Vietnam’s government has approved a sharp rise in the amount of surplus electricity that eligible rooftop solar systems may sell to the grid, increasing the general limit from 20 per cent to 50 per cent of total power generated.
The revision is set out in a newly issued decree amending regulations on renewable energy development and the direct power purchase mechanism.
It covers self-produced, self-consumed rooftop solar power systems that fall within the categories specified under the new rules.
Installations that may sell excess electricity include rooftop solar systems on detached residential homes, along with self-produced, self-consumed systems connected to the national grid at a low-voltage level.
The same eligibility also applies to systems in mountainous, border and island areas where local power grids exist but are not linked to the national power grid.
Self-produced, self-consumed rooftop solar power systems installed on public assets are also covered by the decree.
The decree allows the sales limit to rise above 50 per cent from its effective date of June 26 until December 31, 2030, but only where the local power grid has enough capacity to absorb the electricity and all grid safety and system operation requirements are met.
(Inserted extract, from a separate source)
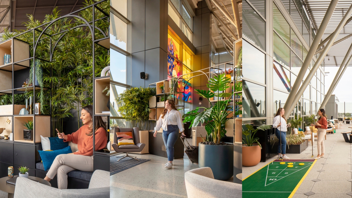 Chase Sapphire Lounges in Austin-Bergstrom International Airport reflects Austin’s pulse of boldness, eclectic shades and rich connection to nature. The lounge’s design by Corgan pays tribute to the location’s spirit through vibrant colors and art, including large glass murals of Texas wildflowers.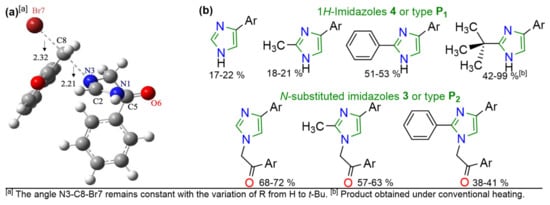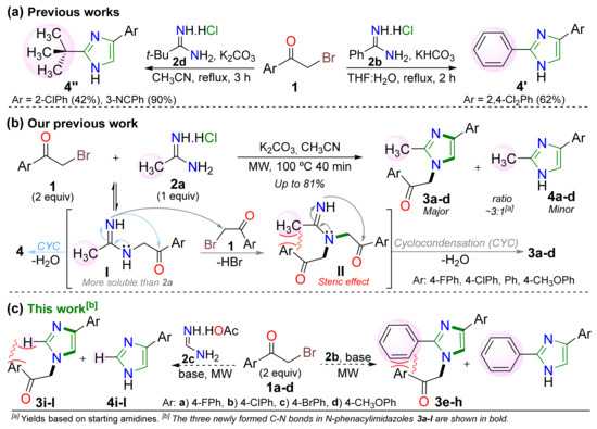 It is important to note that few studies have been reported to obtain imidazoles using aroylmethyl bromides 1 and amidines 2 [21,22] (Scheme 1a), specifically N-substituted derivatives that we even obtained by a pseudo-multicomponent reaction (pseudo-MCR) [24,26] (Scheme 1b). Likewise, there are few reports on imidazole derivatives synthesis based on pseudo-MCRs and MAOS. In a pseudo-MCR two or more components are identical, which could be a limitation regarding the scope and functional flexibility. However, these reactions have the advantage of being efficient in obtaining products with molecular complexity. In particular, we developed a pseudo-three-component synthesis of N-aroylmethylimidazoles 3a–d under microwave (MW) conditions in good yields by reacting two equivalents of 1 with acetamidine hydrochloride (2a) [24,25,26]. This reaction also allowed us to obtain the expected 1H-imidazoles 4 as minor products (Scheme 1b). Possibly, the better solubility in organic solvents and the major steric effect in the cyclization step from amidines 2b [21] and 2d [22] (Scheme 1a) vs. 2a [24,25,26] (Scheme 1b) direct the reaction course.

For rooftop solar systems in mountainous, border and island areas that are not connected to the national power grid, there will be no cap on the volume of surplus electricity that can be sold.
The purchase price for excess output will be calculated according to the previous year’s average electricity market price.
However, if that price is higher than the ceiling price for ground-mounted solar power without battery storage under the applicable regional pricing framework, the ceiling price will apply instead.